Positano is the most steep, the oldest, and possibly most picturesque of the seaside towns.  We didn’t get off the bus in Positano but it is easy to admire from the road.

We spent some time looking around Amalfi and particularly at the cathedral, which is very grand for such a small place – this is because Amalfi was once a maritime hub, so powerful it minted its own coins. It was devastated by a tsunami and plague centuries ago but signs of its past wealth remain.

In all the towns along the coast beaches are divided into sections. The largest is for the people who rent loungers for the day and a much smaller part is sectioned off for people who just want to lay a towel down. I find this process offensive – beaches should be for everybody, not a select few, but at least in Amalfi people can put their towels down even between the loungers if there’s space.

Admittedly Luke and I didn’t swim at any of the beaches. Apart from the beaches consisting of boiling hot grey pebbles or grit, it is hard to enjoy a beach when there are only two of you. There’s no way we’d leave our bags unattended which means only one of us could get in the water at a time.

Fortunately Luke did some research and found that were at least three hotels in Sorrento that would let non guests use their pools for a fee. We found the Hotel Central was cheapest and enjoyed several cocktails and a peaceful swim in their small and quiet pool. Happy days!

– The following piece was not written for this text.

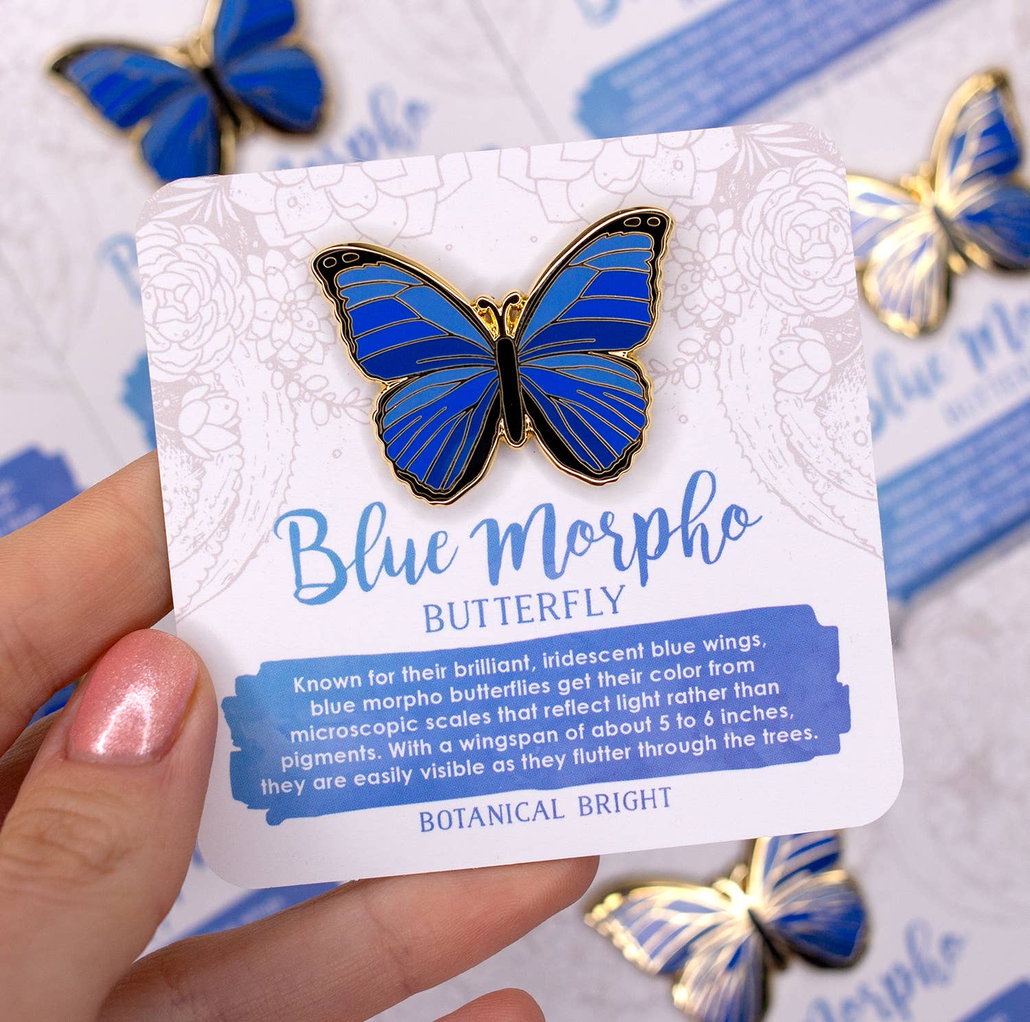 This particular pin design was inspired by Blue Morpho Butterflies!

Luke loves the blue drinks!

Also check out the little awning on the beach chairs here! You’ve probably all seen this before but I thought it was nifty. More useful if the chair is actually in the sun but you get the idea.

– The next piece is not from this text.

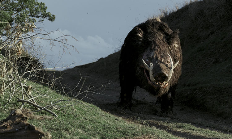 Ác thú heo rừng xuất hiện rõ nét nhất khi một nhóm 6 người tắm ở hồ nước cạnh rừng rồi anh chàng cao to hơn người Bernie (Nathan Jones) lái xe đi tìm hai ông lão địa phương và heo rừng xuất hiện hất tung xe của anh chàng. Hai người đàn ông trong nhóm là Robert (Hugh Sheridan) và Bruce (Bill Moseley) đi tìm nguyên nhân của một tiếng động nghe như tiếng nổ để rồi cãi nhau chí chóe trên đường đi và rồi khi ác thú xuất hiện thì Bruce không ngừng tỏ vẻ ngạc nhiên thoảng thốt xen lẫn sự thú vị trong khi Robert đẩy Bruce ngã sấp mặt về phía trước rồi quay lưng bỏ chạy. Trong tình huống đó Bruce vẫn kịp thốt lên câu chửi rủa sự hèn nhát của người bỏ chạy trước khi bị quái vật sát hại.

So, we spent one of our days in Sorrento travelling the length of the coast, then our last full day saw us head back to Amalfi, again on the 6:30am bus, to catch the next bus to Ravello. Obviously the next Ravello bus departed just as our bus pulled in (because Italy) so we waited for half an hour then managed to grab a seat. The ride up to Ravello is perhaps less hair-raising than the drive along the cliffs but the road is even narrower in places (at one point it is only one car wide) and the hairpin bends are even more tight.

Ravello town square.

We had breakfast and a wander around Ravello, looking at the Cymbrone Gardens (where parts of Wonderwoman were filmed) and admiring the views of the hills from higher up before heading back to the bus.

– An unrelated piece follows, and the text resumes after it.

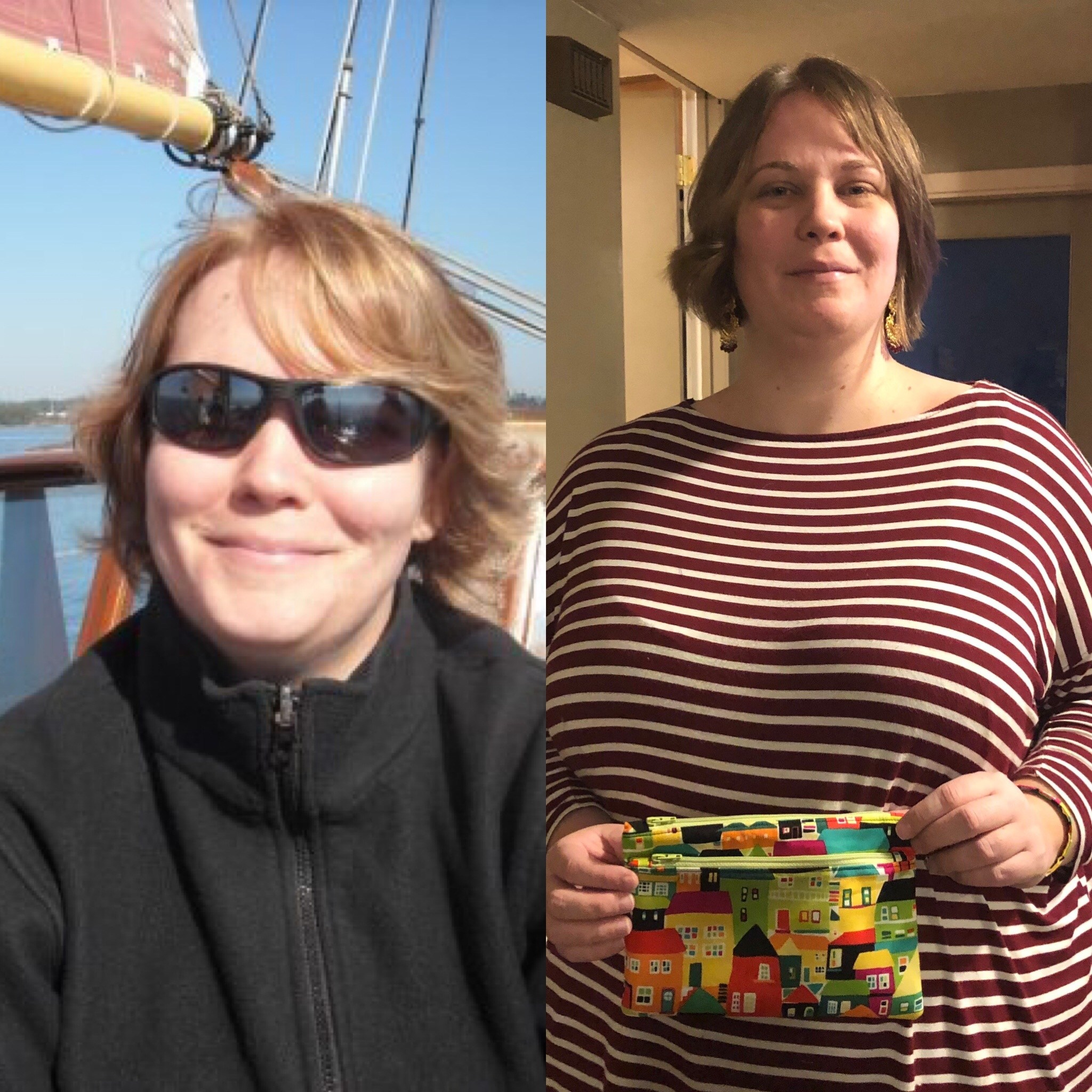 There’s also been that 10 year aging thing that’s been going around Facebook. I went ahead and did it. The picture on the left is me on our honeymoon is 2009 and it’s one of my favorite pictures. I really loved being on that sailboat. The picture on the right is 2019 and is me holding one of the pouches I’ve made recently. I’m keeping that pouch because I love the house fabric I used.

There was a huge crowd waiting to catch the bus back and Luke made it on before the bus driver cut everyone off. I called out ‘my husband!’ and pointed to Luke and the driver kindly let me board last. This meant I had to sit right next to the bus door with my back pressed against the front window and leaning against it so the driver could see his mirrors.

Going through a tunnel backwards in a bus.

Going through a tunnel backwards in a bus.

It was kind of fun in a white-knuckled way and an older lady in the front seat kept smiling and grimacing understandingly at me when we sped up or turned a tight bend. When people got up to get off towards the end of the route everyone was very courteous about making space and letting older people sit down, as well as letting the driver know what was going on at the back door of the bus.

By the time we got back to Amalfi to catch our last bus to Sorrento there was a huuuuuge group of people waiting in the bus bay and so I went off to investigate other options and we ended up deciding to pay an extra ten euro to buy a seat on the private ‘city explorer’ bus (you know those red ones you see in major cities) that only sold enough tickets to fill the seats. No standing room and better aircon. Totally worth it!

Catching the buses along the Amalfi Coast is quite an experience and can be exhausting. There are big scrums, people push and shove a bit and it’s frustrating if you don’t know precisely where the bus stop is. Staying in Sorrento worked out well as we were at the beginning of the line and therefore always got a seat in the mornings – important when the ride is nearly two hours long.

If you’re thinking of visiting the area and catching buses my advice would be to go out of season. Of course if you enjoy combat sports and the smell of sweaty strangers and bus exhaust fumes then by all means go in Summer!

The lady with the red bag kept my spirits up;-)

The driver who let me ride shotgun. He looks so relaxed!

Perfectly suited to a full size bus.